I got home, finished fundraising, sold my car, went through “missions training classes” and left. This was much to the shock of family and friends who thought for sure this wasn’t going to happen. I was going to spend a year serving those less fortunate, and return to Washington, DC.
Over 5 years later, I currently reside in Cap-Haitien, Haiti. I have built a life here, and an organization helping street children that I live for and love dearly. After my year commitment was coming to an end, I knew I had to do something more. I had made strong bonds with some street children during my year of service and I just couldn’t tell them, “bye”. I still can’t.
My walk with the Lord has grown exponentially, although not evenly.

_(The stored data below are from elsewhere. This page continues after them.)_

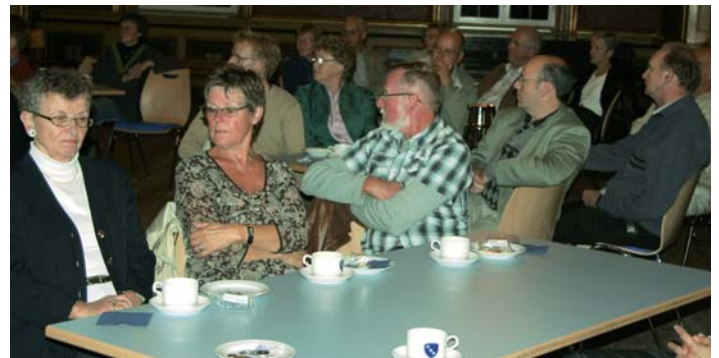
Situation fra mødet på Herlufsholm.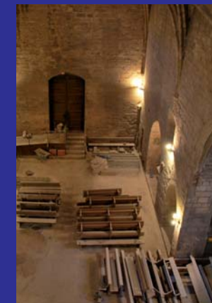
Interior de l'església vella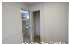
ニューライズシリーズ間タイプのお部屋です。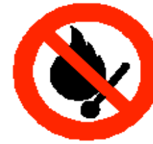
Vietato fumare o usare fiamme libere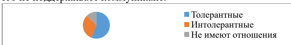
Рисунок 1— Комментарии к пресс-конференции с участием КонораМакГрегора и Хабиба Нурмагомедова на странице «Bestof MMA».

Рассмотрев комментарии к публикациям по данным темам на странице «Bestof MMA» мы определили, что из 387 комментариев о пресс-конференции с участием КонораМакГрегора и Хабиба Нурмагомедова, 215 комментариев можно назвать толерантными, 120 комментариев — интолерантными, а 48 комментариев нельзя отнести к толерантной или интолерантной коммуникации —они не имеют отношения к восприятию пользователями прочитанного сообщения, не выражают позитивных и негативных эмоций. Это, например, вопросы, ссылки на другие сообщения и сайты, вставленная в комментарии музыка. Самым популярным выражением интолерантности в данных комментариях является использование уничижительных, грубых слов по отношению к бойцам и фанатам бойца, которого не поддерживает коммуникант.

I have had my share of tumbles and thankfully, He always picks me back up. Sometimes with both of His big arms, and sometimes piggy-back style, but always full of Grace.
I have survived many trials and tribulations, some unique to Haiti such as threats on my life, numerous parasites and infections, multiple scabies breakouts, malaria, typhoid, Hepatitis A, and the list goes on.
I have also seen God show up in a such a big way with miracles, healings, souls saved, communities changed, and kids thriving who were once considered trash.
I wouldn’t change a minute of it. I stand firm in believing that this is what God has called me to do, that I was created for this before the foundation of the world began. I have learned to walk in greater dependence on Him, to seek Him, and to spend time with Him.
God uses the mission to bring his us closer to Him. God doesn’t need us to accomplish His plan. He invites us to join Him, and grow in our relationship with Him as we do it.
I am eager to see what this journey has in store. I know this is just the beginning. The vision God has given me is big, but God is bigger still. I rest in that and Him.